On May 11, T'way Air announced that its operating profit for the first quarter reached 19.9 billion won, marking a return to the black after eight quarters. Revenue totaled 612.2 billion won, a 37% increase compared to the same period last year.
The airline's improved performance is attributed to a surge in travel demand during the winter peak season and the stabilization of its route operations. The number of passengers in the first quarter surpassed 3.13 million, reflecting a 17% increase year-on-year. Notably, international passenger numbers rose by over 23% to 2,188,463.
Analysts suggest that the airline's strategy of expanding new routes and diversifying its offerings, which began last year, is yielding positive results. Passenger load factors for both domestic and international routes exceeded 90%.
T'way Air's cargo transport business is also experiencing steady growth. In the first quarter of 2026, cargo volume reached approximately 9,000 tons, a 130% increase compared to the first quarter of 2024, effectively tripling the scale of the operation.

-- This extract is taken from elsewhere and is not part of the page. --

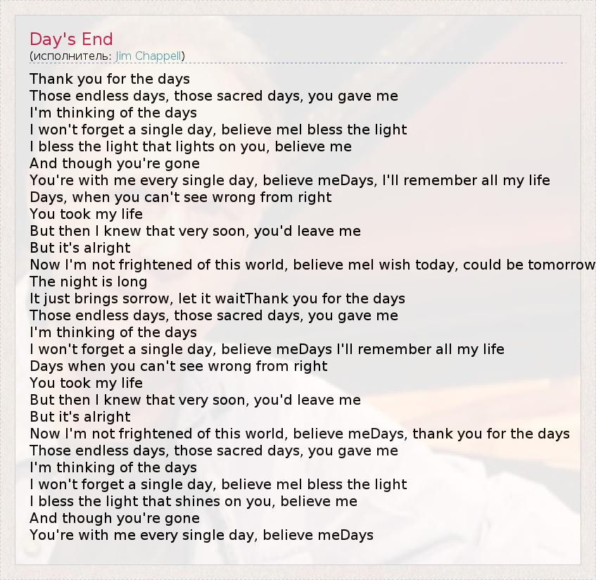 Thank you for the days Those endless days, those sacred days, you gave me I'm thinking of the days I won't forget a single day, believe meI bless the light I bless the light that lights on you, believe me And though you're gone You're with me every single day, believe meDays, I'll remember all my life Days, when you can't see wrong from right You took my life But then I knew that very soon, you'd leave me But it's alright Now I'm not frightened of this world, believe meI wish today, could be tomorrow The night is long It just brings sorrow, let it waitThank you for the days Those endless days, those sacred days, you gave me I'm thinking of the days I won't forget a single day, believe meDays I'll remember all my life Days when you can't see wrong from right You took my life But then I knew that very soon, you'd leave me But it's alright Now I'm not frightened of this world, believe meDays, thank you for the days Those endless days, those sacred days, you gave me I'm thinking of the days I won't forget a single day, believe meI bless the light I bless the light that shines on you, believe me And though you're gone You're with me every single day, believe meDays

Following its acquisition by the Sonot Trinity Group, T'way Air has thoroughly reviewed its route operations structure. The airline has restructured its operations to focus on efficiency, contributing to the improved performance in the first quarter.
Recently, T'way Air held a shareholders' meeting where it announced a name change to Trinity Air. Full operations under the new name will commence once approval from relevant domestic and international authorities is secured.
A T'way Air official stated, "We plan to enhance operational efficiency with the introduction of new A330-900NEO aircraft in the second half of the year. We will continue to drive performance through efficient operations in passenger and cargo transport and stabilization of medium- to long-haul routes."
* This article has been translated by AI.